### TASK INSTRUCTIONS
With the pictures left aside, write out exactly the lines of the listing below from the line with "- офисные позиции" to the line with "Lirik Lirik Lagu", both included, and only those.

### DATA EXCERPTS
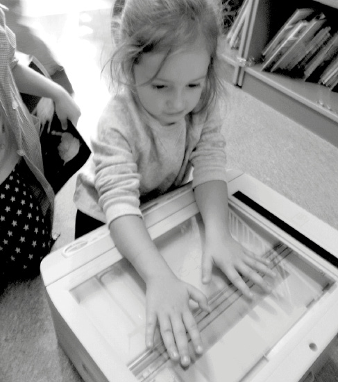 Colocar las manos sobre un frío cristal, sentir cómo cambian de color bajo el paso de una luz misteriosa, la quietud que surge ante lo desconocido, la escucha de sonidos inquietantes, el asombro ante la salida de un papel caliente que les devuelve la imagen de sus manos como huella de identidad deseosa de ser recreada y convertida en un nuevo objeto portador de deseos, anhelos y de la seguridad de haber vencido el miedo a la magia que se esconde tras el cristal de una fotocopiadora.
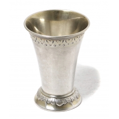 Высота: 5 см, диаметр верха: 4,2 см. Объём: 40 мл. Вес: 46 грамм серебра 830 пробы. ================================= Silver vodka cup (shot cup).
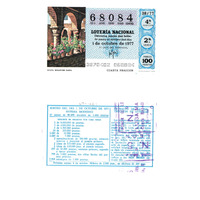 - Décimo da Lotaría Nacional de 1977 co motivo "As provincias españolas": imaxe que representa o Mosteiro da Rábida, en Huelva. O número do décimo é o 68084 / ANVERSO. Impresión / 68084 / Lotería Nacional. Décima parte del billete para el sorteo del día 1 de octubre de 1977 / El jefe del servicio (sinatura) / 3870402 - 068084 / 38/77 / 4ª fracción / 2ª serie / Precio 100 pesetas / Huelva. Monasterio Rábida (imaxe) / Cuarta fracción / Fca. Nal. de Moneda y Timbre / REVERSO. Impresión / Sorteo del día 1 de octubre de 1977. Sistema moderno. 17 series de 80.000 billetes de 1.000 pesetas. (Resumo de premios) / Extracto de la instrucción de Loterías (texto) / Próximo sorteo: 8 de octubre. Billetes de 2.000 ptas., en décimos de 200 ptas
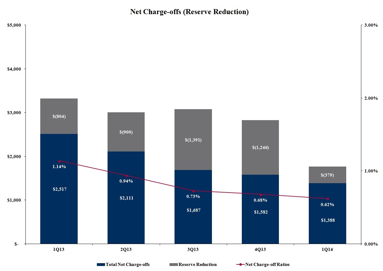 (7) | Net charge-offs exclude $391 million, $741 million and $839 million of write-offs in the purchased credit-impaired loan portfolio at March 31, 2014, December 31, 2013 and March 31, 2013. These write-offs decreased the purchased credit-impaired valuation allowance included as part of the allowance for loan and lease losses. |
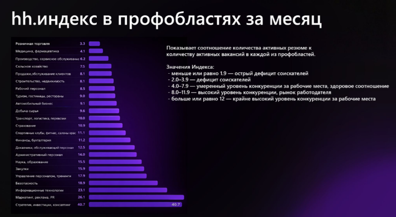 - офисные позиции — здесь, напротив, ощущается переизбыток кандидатов и дефицит вакансий.
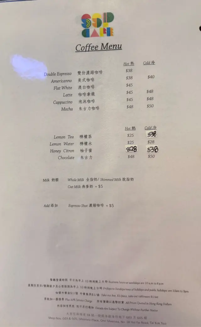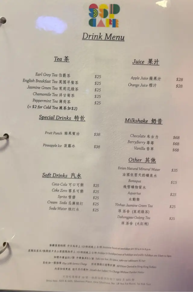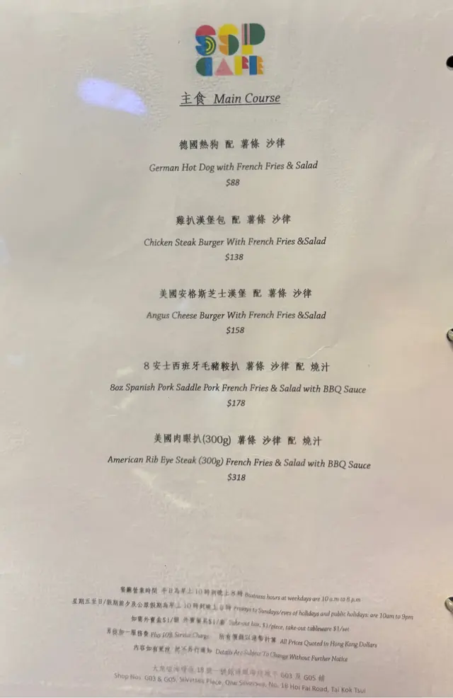 SSP Cafe (大角咀) 网上订位即赚Rice Dollars 网址: https://s.openrice.com/QrLS0RX4C00 地址: 香港大角咀海輝道18號一號銀海銀海坊地下G03&G05號舖 电话: +852 51299436
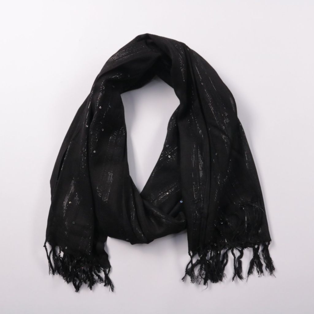 Лёгкий чёрный шарф с бахромой и деликатным мерцающим рисунком по ткани. Подойдёт для повседневных образов и вечерних выходов как накидка на плечи или аксессуар на шею. Тонкий материал удобно складывается и не занимает много места в сумке.
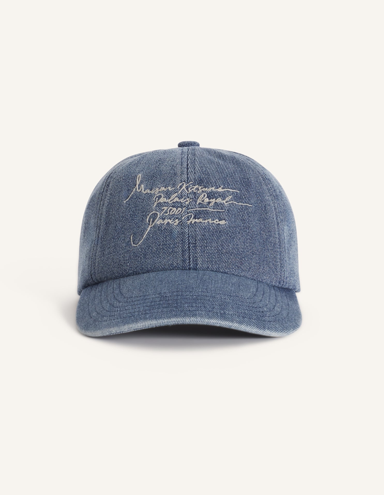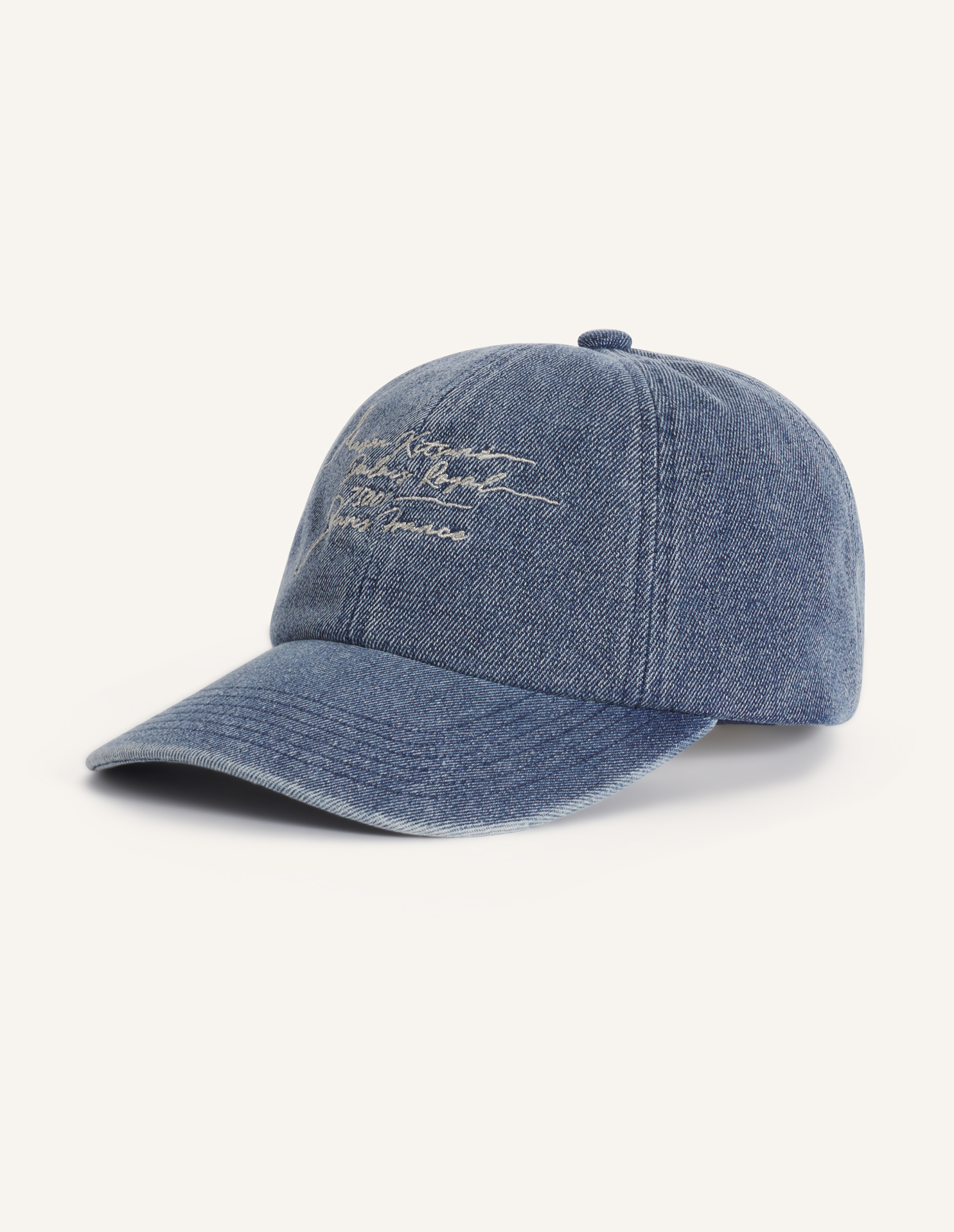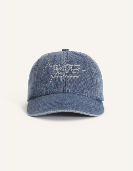 Denim cap. Poetic Script embroidered on the front.
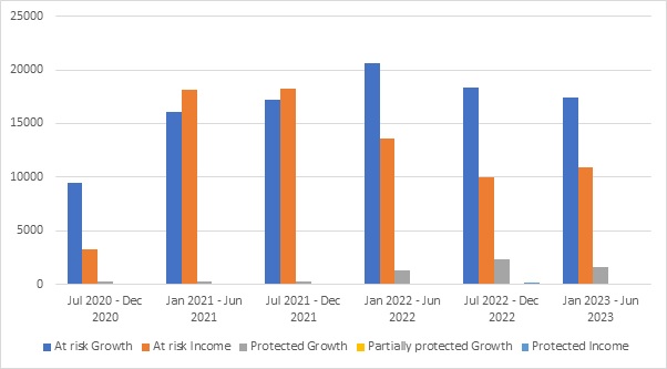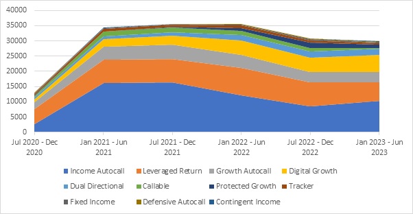 The following analysis has been extracted from StructrPro and covers products striking since July 2020. Products are grouped into six-month periods and the products within each period can then be group into categories of different criteria.
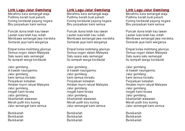 Lirik Lirik Lagu Pengakap D2nvjx0kjrnk from idoc.pub Lirik & lagu hari kebangsaan 2019. Ada 20 gudang lagu malaysia berjaya lirik terbaru, klik salah satu untuk download lagu mudah dan cepat. Untuk mu duhai kekasih yang kucintai. Tak mungkin ku lupakan segalanya sewaktu berseminya dua cinta. Dari lagu lagu yang akan ku share ini, trus lagu lagunya ari lasso juga aku suka. Harapan semua moga kita berjaya bagai negara yang kekal merdeka. Lirik & lagu hari kebangsaan 2019. 0 ratings0% found this document useful (0 votes).
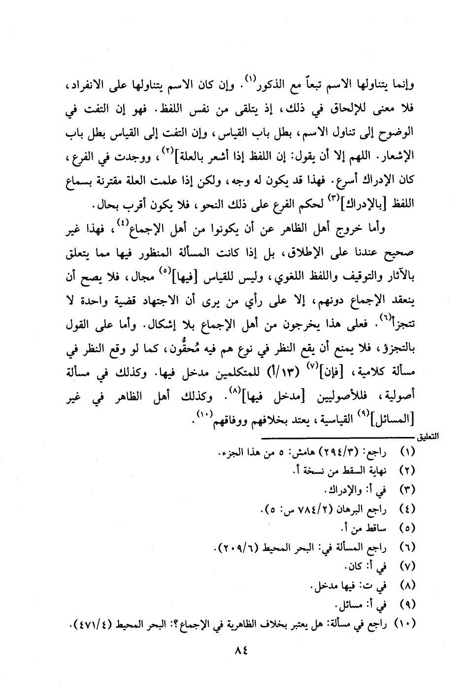 وأما خروج أهل الظاهر عن أن يكونوا من أهل الإجماع، فهذا غير صحيح عندنا على الإطلاق، بل إذا كانت المسألة المنظور فيها مما يتعلق بالآثار والتوقيف واللفظ اللغوي، وليس للقياس [فيها] مجال، فلا يصح أن ينعقد الإجماع دونهم، إلا على رأي من يرى أن الاجتهاد قضية واحدة لا تتجزأ. فعلى هذا يخرجون من أهل الإجماع بلا إشكال. وأما على القول بالتجزؤ، فلا يمنع أن يقع النظر في نوع هم فيه محقون، كما لو وقع النظر في مسألة كلامية، [فإن] (١٣/أ) للمتكلمين مدخل فيها. وكذلك في مسألة أصولية، فللأصوليين [مدخل فيها]. وكذلك أهل الظاهر في غير [المسائل] القياسية، يعتد بخلافهم ووفاقهم.

### EXPECTED OUTPUT
 - офисные позиции — здесь, напротив, ощущается переизбыток кандидатов и дефицит вакансий.
 SSP Cafe (大角咀) 网上订位即赚Rice Dollars 网址: https://s.openrice.com/QrLS0RX4C00 地址: 香港大角咀海輝道18號一號銀海銀海坊地下G03&G05號舖 电话: +852 51299436
 Лёгкий чёрный шарф с бахромой и деликатным мерцающим рисунком по ткани. Подойдёт для повседневных образов и вечерних выходов как накидка на плечи или аксессуар на шею. Тонкий материал удобно складывается и не занимает много места в сумке.
 Denim cap. Poetic Script embroidered on the front.
 The following analysis has been extracted from StructrPro and covers products striking since July 2020. Products are grouped into six-month periods and the products within each period can then be group into categories of different criteria.
 Lirik Lirik Lagu Pengakap D2nvjx0kjrnk from idoc.pub Lirik & lagu hari kebangsaan 2019. Ada 20 gudang lagu malaysia berjaya lirik terbaru, klik salah satu untuk download lagu mudah dan cepat. Untuk mu duhai kekasih yang kucintai. Tak mungkin ku lupakan segalanya sewaktu berseminya dua cinta. Dari lagu lagu yang akan ku share ini, trus lagu lagunya ari lasso juga aku suka. Harapan semua moga kita berjaya bagai negara yang kekal merdeka. Lirik & lagu hari kebangsaan 2019. 0 ratings0% found this document useful (0 votes).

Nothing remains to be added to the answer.